- **Data below**:
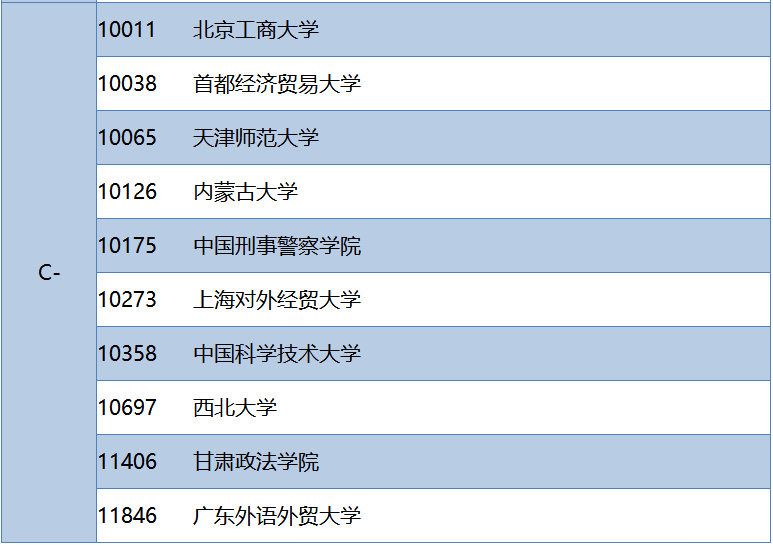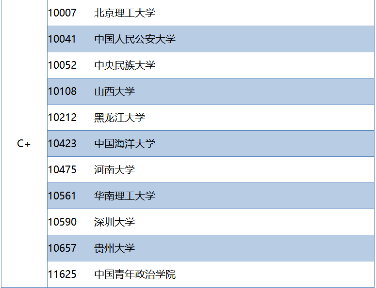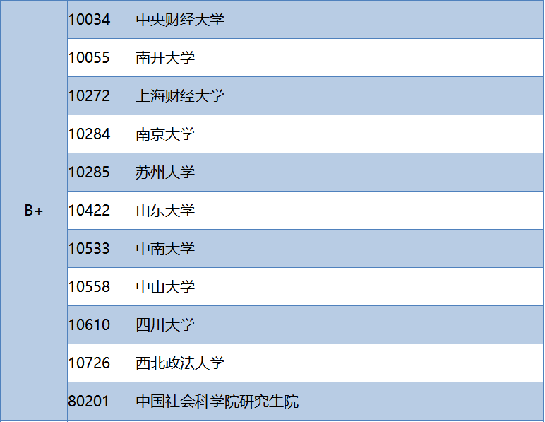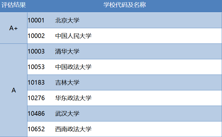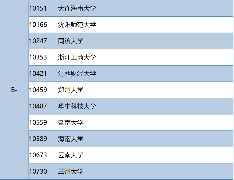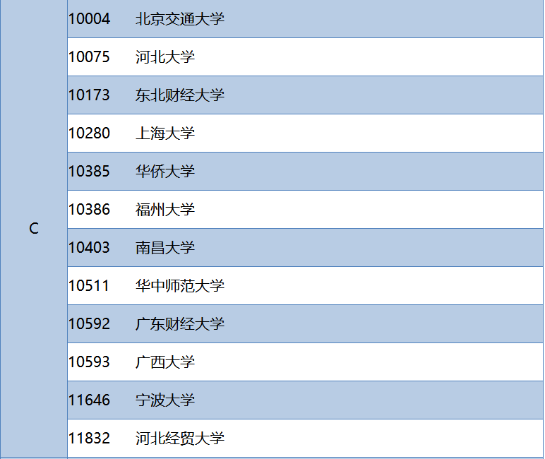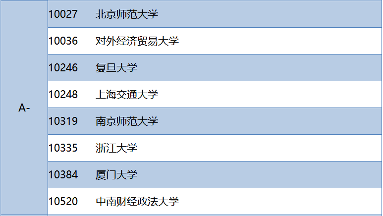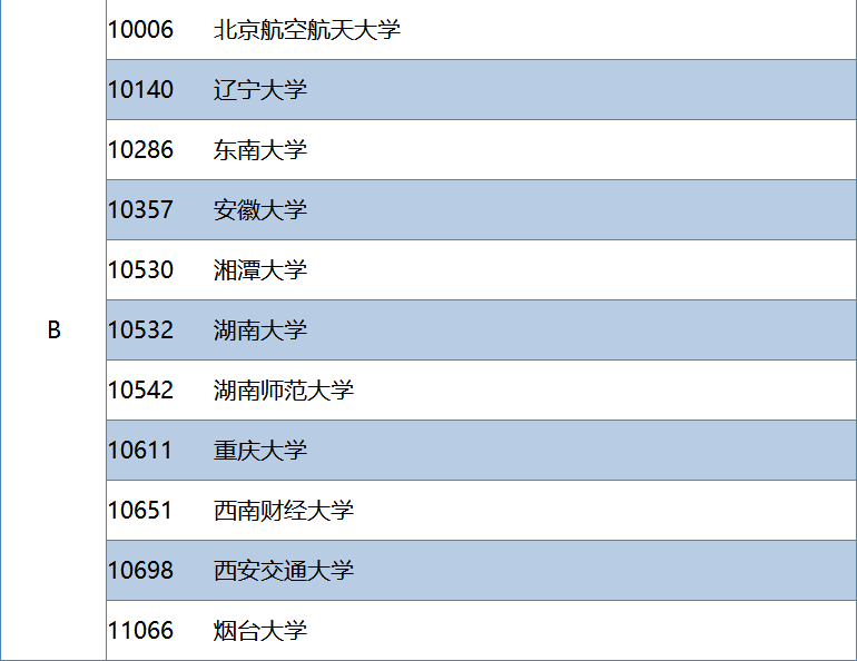 注:以下评估档次相同的学校排序不分先后,按学校代码排列。
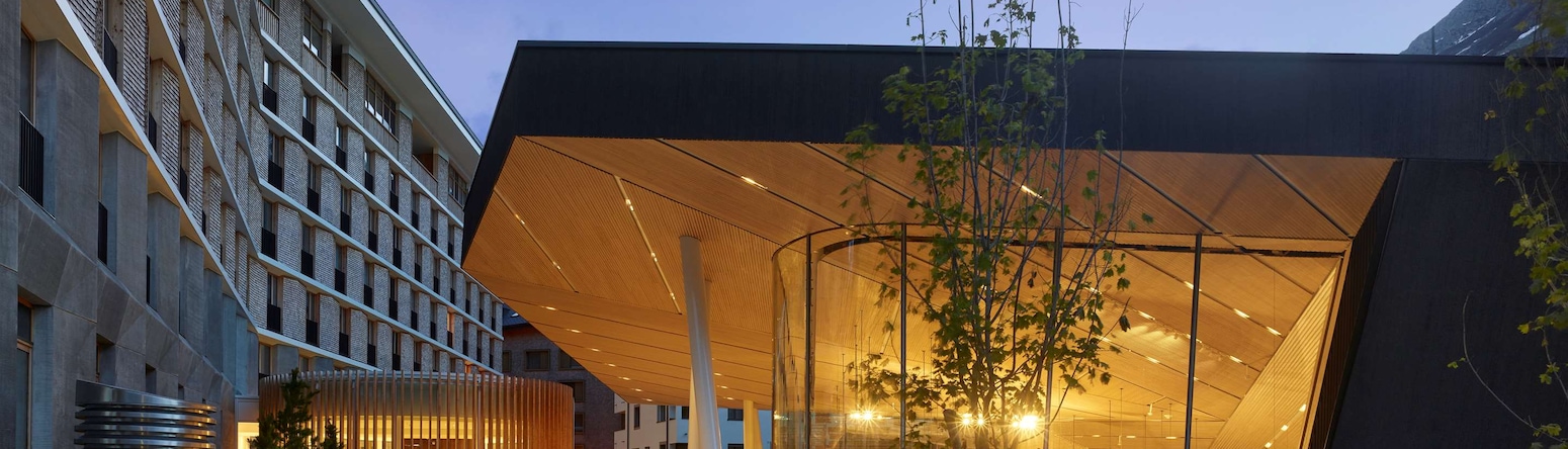 The Concert Hall is an architectural masterpiece by Studio Seilern Architects, dominated by a clean design in warm Alpine wood with 8-meter-high windows overlooking the mystic mountains. In addition to the flexible floor space, state-of-the-art solutions in terms of lighting, communication, and audiovisual equipment are built into the facility. For an unforgettable sound experience, Kahle Acoustics and dUCKS scéno—the same teams that have been responsible for the sound engineering of the Philharmonie de Paris—designed the high performance sound system with an ultra-modern Amadeus system, making reverberation possible.
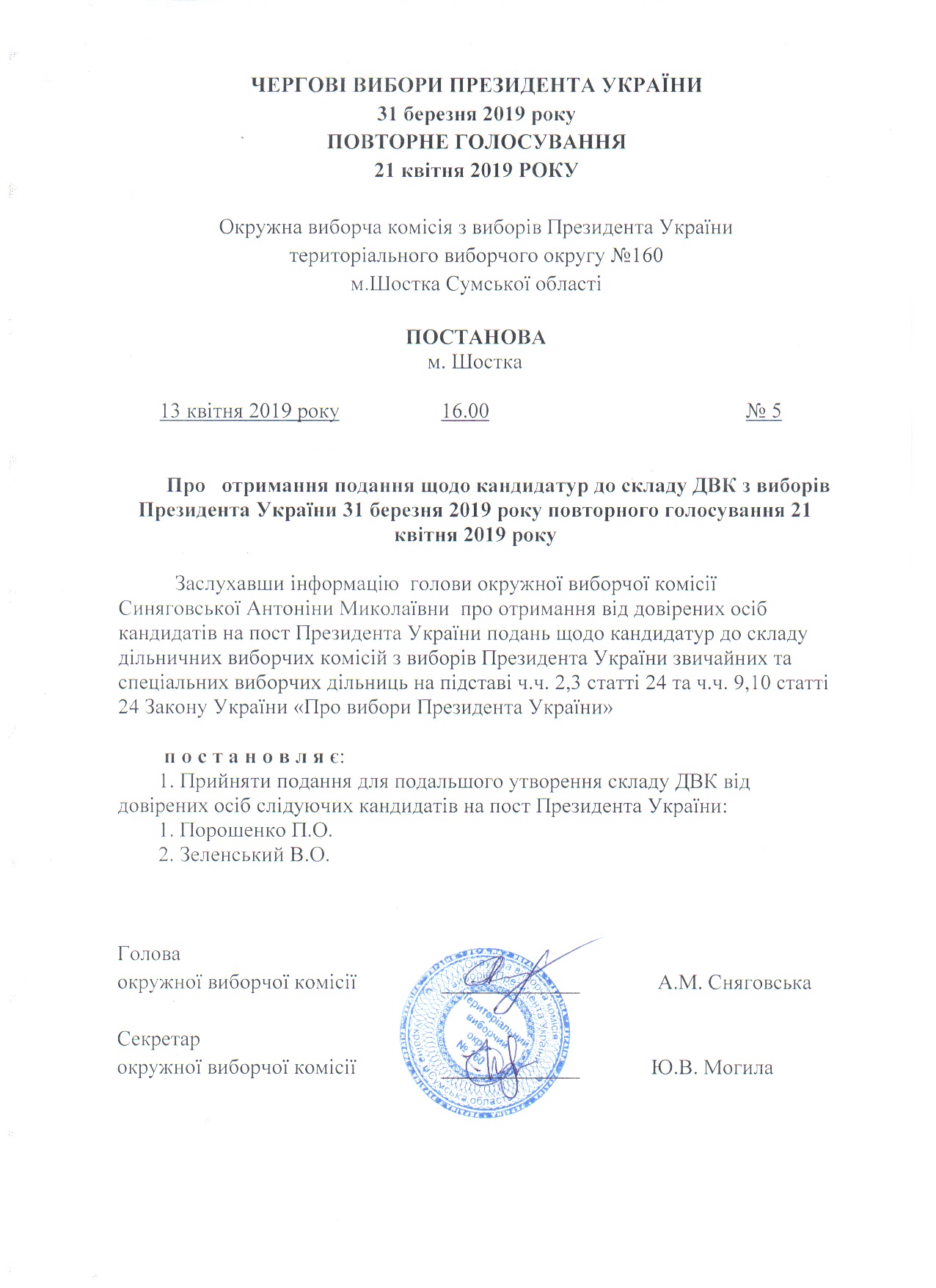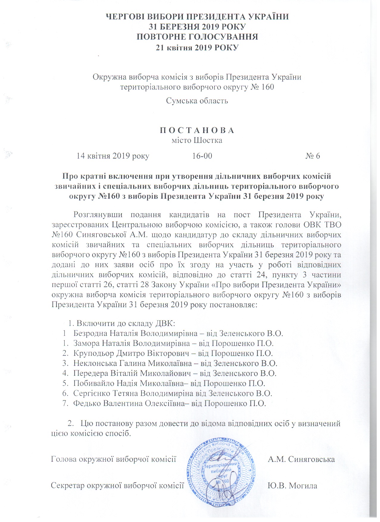 Про затвердження подання щодо кандидатур до складу дільнисних виборчих комісій звичайних і спеціальних виборчих дільниць територіального виборчого округу № 160 з виборів Президента України 31 березня 2019 року повторного голосування 21 квітня 2019 року |

- **Task brief**: When you write out the data, keep every line exact and drop the pictures.

- **Response below**:
 注:以下评估档次相同的学校排序不分先后,按学校代码排列。
 The Concert Hall is an architectural masterpiece by Studio Seilern Architects, dominated by a clean design in warm Alpine wood with 8-meter-high windows overlooking the mystic mountains. In addition to the flexible floor space, state-of-the-art solutions in terms of lighting, communication, and audiovisual equipment are built into the facility. For an unforgettable sound experience, Kahle Acoustics and dUCKS scéno—the same teams that have been responsible for the sound engineering of the Philharmonie de Paris—designed the high performance sound system with an ultra-modern Amadeus system, making reverberation possible.
 Про затвердження подання щодо кандидатур до складу дільнисних виборчих комісій звичайних і спеціальних виборчих дільниць територіального виборчого округу № 160 з виборів Президента України 31 березня 2019 року повторного голосування 21 квітня 2019 року |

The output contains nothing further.